The next instant Tommy did trip. Without any doubt the well shod foot of the man lolling in the seat slid into the aisle as the boy with the snowfall approached, and Tommy pitched over it with almost a certainty of falling headlong. Indeed, he would have gone to the floor of the car had he not let go of the mass of snow in his hands and clutched at the seat arms.

"Whoo!" burst out Teddy Tucker in delight. "Now that fresh kid's got his!"

For the soft snowball in Tommy's hands landed plump upon the handkerchief-covered crown of the person sprawling so ungracefully in the Pullman seat! The victim uttered a howl audible above the drumming of the car wheels. And he leaped upright between the seats of his section, beat the fast-melting snow off his head and face, and displayed the latter to the young peoples' amazement as that of a very stern looking gentleman indeed with a bald head and gray side whiskers.

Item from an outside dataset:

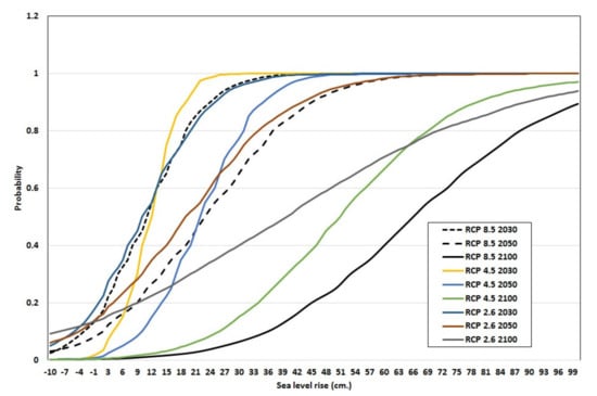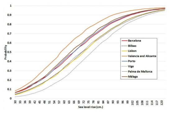 As an illustration, Figure 3 shows a standard cumulative distribution function for sea-level rise for nine representative Iberian coastal cities in the year 2100 considering the highest emission scenario, RCP 8.5. The ten cities were selected for being those with the largest population based on data from Eurostat (European Commission, Brussels, Belgium).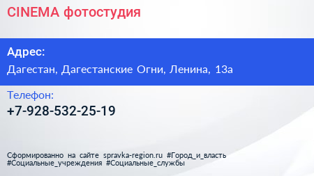 CINEMA, фотостудия по адресу Дагестан, Дагестанские Огни, Ленина, 13а в дальнейшем Организация, размещена в следующих категориях:

"Oh, my aunt's cat and all her kittens!" gasped Bob Henderson. "Now Tommy has done it! See who it is, Ted?"

Teddy Tucker was as pale as the snow his brother had brought in from outside and which now showered about the victim of the ill-timed jest.

"Ma—Major Pater! From Salsette! He has an artificial leg, and that's why it was sticking out in the aisle whenever he nodded off. Oh, Jimminy-beeswax! what's going to become of Tommy?"